Options for addressing hazardous conditions might include the provision of alternative accommodation, suspending action or notices which are non-urgent (due to difficulties in completing the works) or taking other forms of enforcement action, such as a prohibition orders covering only part of a property. Where alternative accommodation or the suspension of works is not a viable option, addressing imminent risk scenarios through the use of emergency remedial action might provide a suitable solution. Works might include making an electrical installation safe, ensuring heating or hot water is provided or making sure a fire alarm system is operational, which will allow for the imminent risk element to be addressed. Wider concerns around the condition of such services and associated hazards may be addressed through suspended action at a later date when Covid-19 restrictions are relaxed, for instance. Such essential works may, for example, only require access to the common parts; during which time, maintaining social distancing, use of PPE and appropriate ‘cleaning down’ guidance must be strictly adhered to.
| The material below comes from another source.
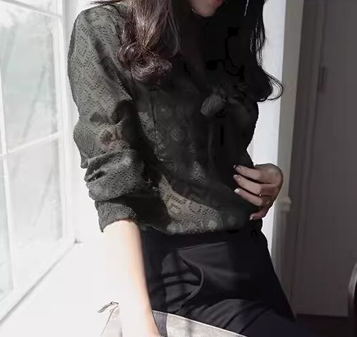 落ち着いたグリーンの色味が大人可愛い長袖のシフォンシャツ。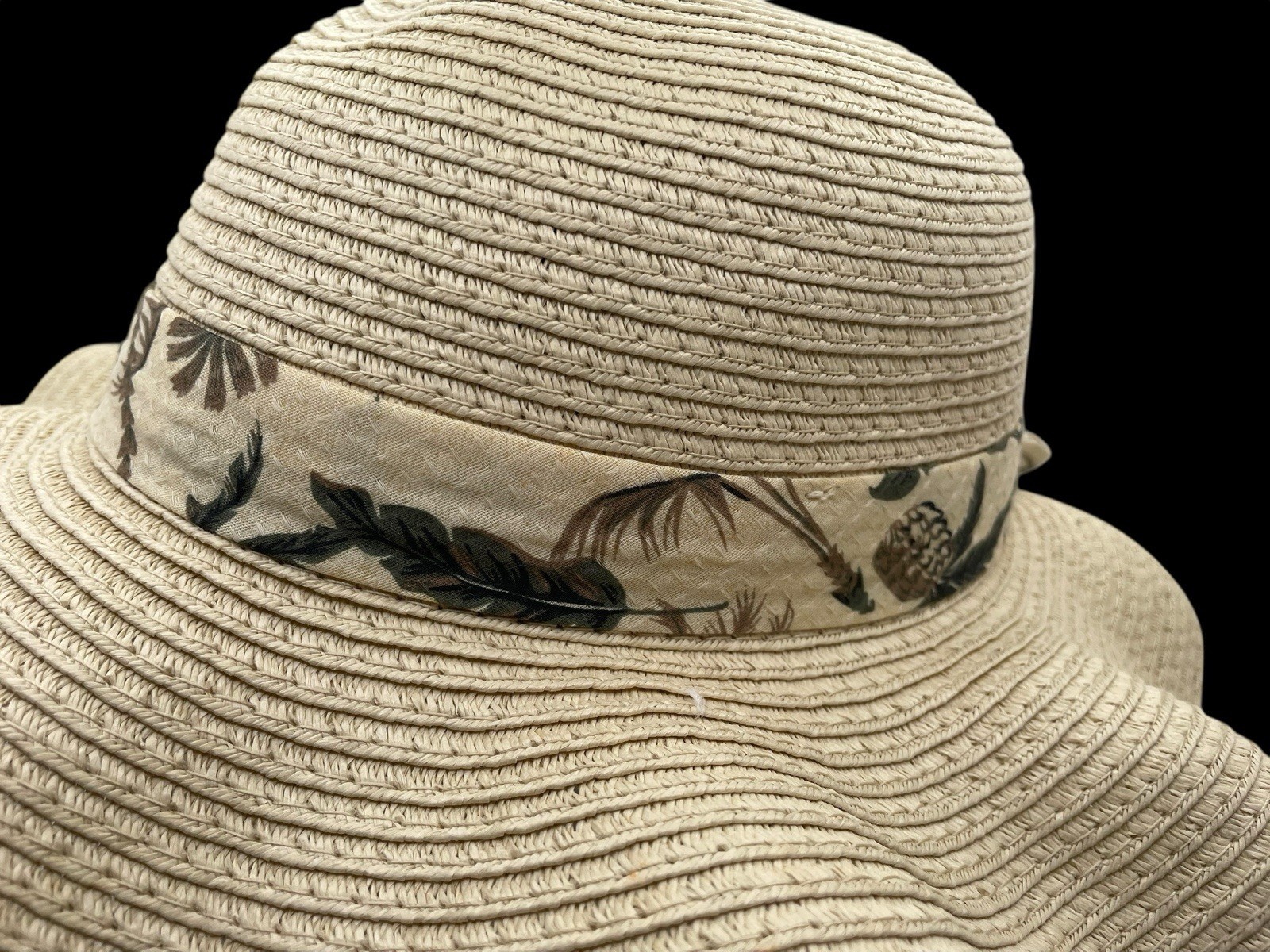 как выглядит NWT Tommy Bahama Girls Youth Straw Beach Sun Hat Tropical Floral Ribbon One Size фото

The use of such emergency measures may also have the added benefit of providing additional protections against retaliatory evictions. Existing protections against retaliatory eviction under the Deregulation Act 2015 are available to tenants if LHAs have taken certain actions under the Housing Act 2004. Section 33(1) of the 2015 Act provides that where a ‘relevant notice’ is served in relation to a dwelling house, a section 21 notice may not be given in relation to an AST within six months from when the notice is served. A ‘relevant notice’ is, for these purposes, an improvement or emergency remedial action notice served under Part 1 of the Housing Act 2004 by the relevant LHA. The 2015 Act is triggered where the tenant notified the landlord (or person acting on their behalf) regarding the condition of the dwelling house and the landlord failed to provide an adequate response. A subsequent complaint to the LHA resulting in service of a ‘relevant notice’ would invalidate any future service of a section 21 notice within six months from date of service from the LHA.
The challenges faced by LHAs and their partners during the Covid-19 outbreak and its impact on the enforcement of standards in rented properties are wide ranging. I invite EHPs, housing and public health professionals to share and exchange information about how you are responding to the outbreak through RIAMS Communities. It will help us develop consistent approaches to the challenges Covid-19 has placed before us.